**Material provided**.
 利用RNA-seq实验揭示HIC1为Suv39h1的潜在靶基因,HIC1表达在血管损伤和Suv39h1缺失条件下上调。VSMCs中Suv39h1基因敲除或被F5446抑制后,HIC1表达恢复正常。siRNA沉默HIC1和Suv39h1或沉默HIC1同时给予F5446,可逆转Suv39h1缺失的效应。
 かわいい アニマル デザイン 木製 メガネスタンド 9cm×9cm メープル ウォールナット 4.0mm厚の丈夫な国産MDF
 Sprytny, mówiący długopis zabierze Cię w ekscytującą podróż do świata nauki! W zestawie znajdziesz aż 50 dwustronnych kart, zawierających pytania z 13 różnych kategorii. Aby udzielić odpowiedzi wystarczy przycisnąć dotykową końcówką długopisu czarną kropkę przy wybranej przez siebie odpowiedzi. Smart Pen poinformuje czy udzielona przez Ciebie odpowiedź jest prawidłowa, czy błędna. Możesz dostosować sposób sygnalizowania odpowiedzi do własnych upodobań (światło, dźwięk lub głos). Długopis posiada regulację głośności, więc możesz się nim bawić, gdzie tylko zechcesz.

--

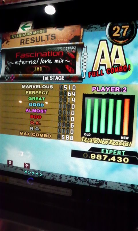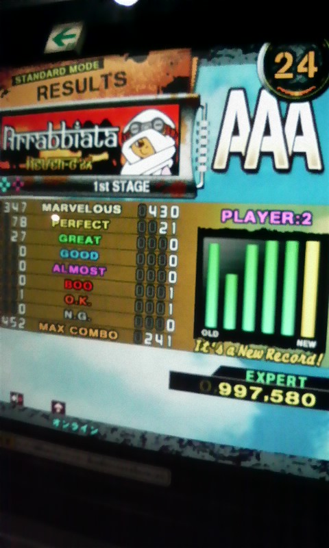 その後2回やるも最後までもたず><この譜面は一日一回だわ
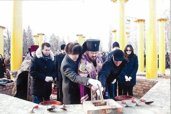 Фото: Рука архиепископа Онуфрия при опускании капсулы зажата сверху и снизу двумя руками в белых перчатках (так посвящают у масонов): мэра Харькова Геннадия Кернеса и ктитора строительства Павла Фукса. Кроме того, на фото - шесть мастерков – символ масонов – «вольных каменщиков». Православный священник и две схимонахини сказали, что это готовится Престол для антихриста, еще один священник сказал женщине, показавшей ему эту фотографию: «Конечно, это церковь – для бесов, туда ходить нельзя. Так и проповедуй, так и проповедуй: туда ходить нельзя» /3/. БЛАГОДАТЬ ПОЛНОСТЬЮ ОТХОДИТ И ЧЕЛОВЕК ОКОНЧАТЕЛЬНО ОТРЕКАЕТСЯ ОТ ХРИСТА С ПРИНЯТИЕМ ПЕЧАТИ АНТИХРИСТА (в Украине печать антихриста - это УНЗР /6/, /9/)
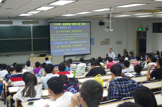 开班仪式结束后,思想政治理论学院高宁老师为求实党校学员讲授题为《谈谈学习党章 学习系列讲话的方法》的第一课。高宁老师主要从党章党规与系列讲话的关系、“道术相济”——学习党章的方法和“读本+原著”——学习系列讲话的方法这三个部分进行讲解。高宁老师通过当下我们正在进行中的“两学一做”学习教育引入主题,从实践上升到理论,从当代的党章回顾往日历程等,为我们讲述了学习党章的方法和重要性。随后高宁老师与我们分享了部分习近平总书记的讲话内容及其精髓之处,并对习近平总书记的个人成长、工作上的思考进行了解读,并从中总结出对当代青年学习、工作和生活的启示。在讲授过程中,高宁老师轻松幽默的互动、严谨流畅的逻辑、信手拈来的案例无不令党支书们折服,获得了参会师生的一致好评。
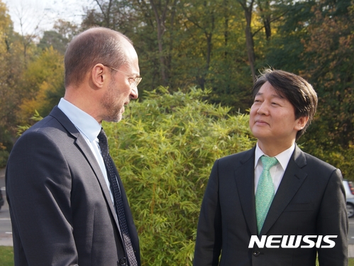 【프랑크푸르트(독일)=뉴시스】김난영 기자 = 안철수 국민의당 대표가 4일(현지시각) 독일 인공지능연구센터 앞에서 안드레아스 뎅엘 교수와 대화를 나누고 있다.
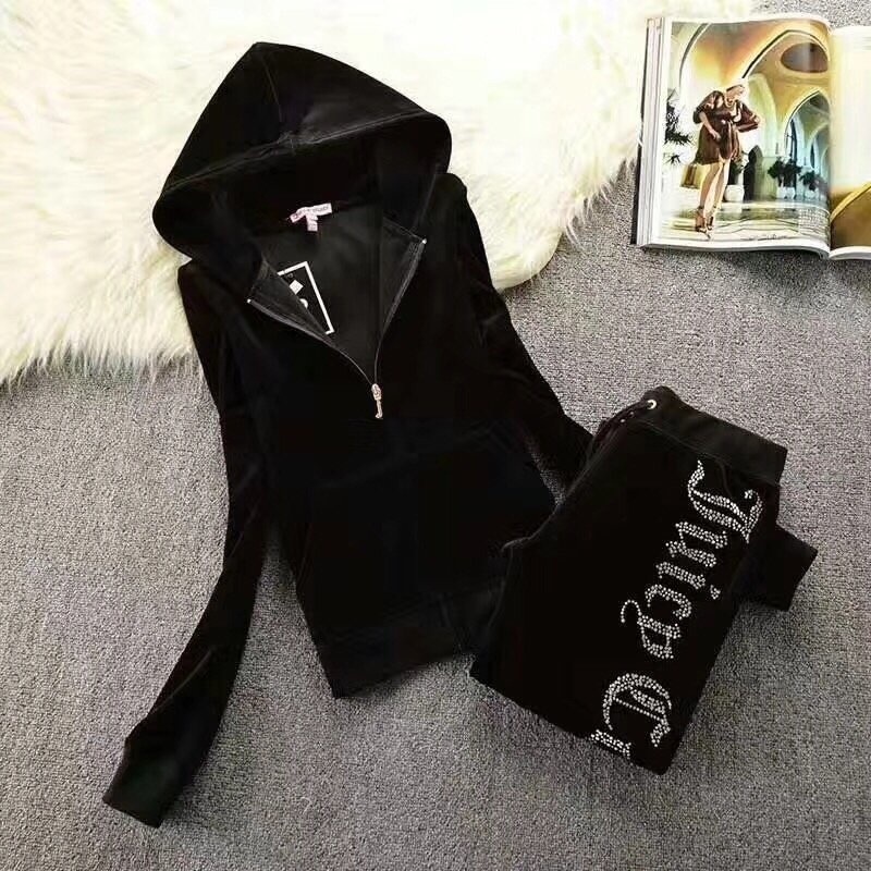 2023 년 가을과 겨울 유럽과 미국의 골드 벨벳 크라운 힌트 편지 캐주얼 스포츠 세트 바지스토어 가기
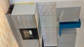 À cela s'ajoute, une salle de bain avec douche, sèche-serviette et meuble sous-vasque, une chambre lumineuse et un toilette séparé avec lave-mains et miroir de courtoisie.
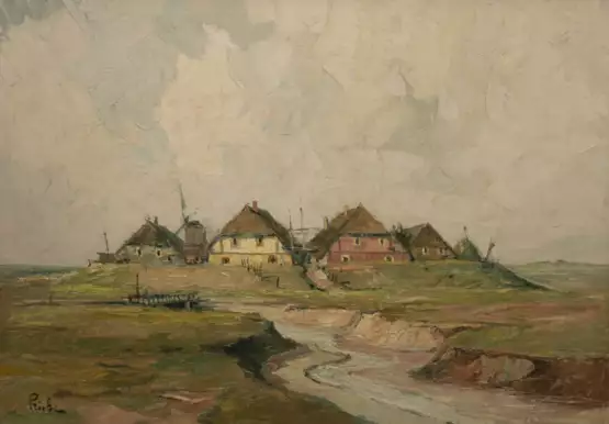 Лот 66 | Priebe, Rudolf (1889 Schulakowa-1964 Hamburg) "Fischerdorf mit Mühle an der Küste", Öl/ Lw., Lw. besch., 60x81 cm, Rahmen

**Instructions for the task**. Keep to the lines above from the line with "2023 년 가을과 겨울" to the line with "Лот 66 | Priebe, Rudolf", and set down exactly those, inclusive, with nothing else and every picture left out.

**Result**.
 2023 년 가을과 겨울 유럽과 미국의 골드 벨벳 크라운 힌트 편지 캐주얼 스포츠 세트 바지스토어 가기
 À cela s'ajoute, une salle de bain avec douche, sèche-serviette et meuble sous-vasque, une chambre lumineuse et un toilette séparé avec lave-mains et miroir de courtoisie.
 Лот 66 | Priebe, Rudolf (1889 Schulakowa-1964 Hamburg) "Fischerdorf mit Mühle an der Küste", Öl/ Lw., Lw. besch., 60x81 cm, Rahmen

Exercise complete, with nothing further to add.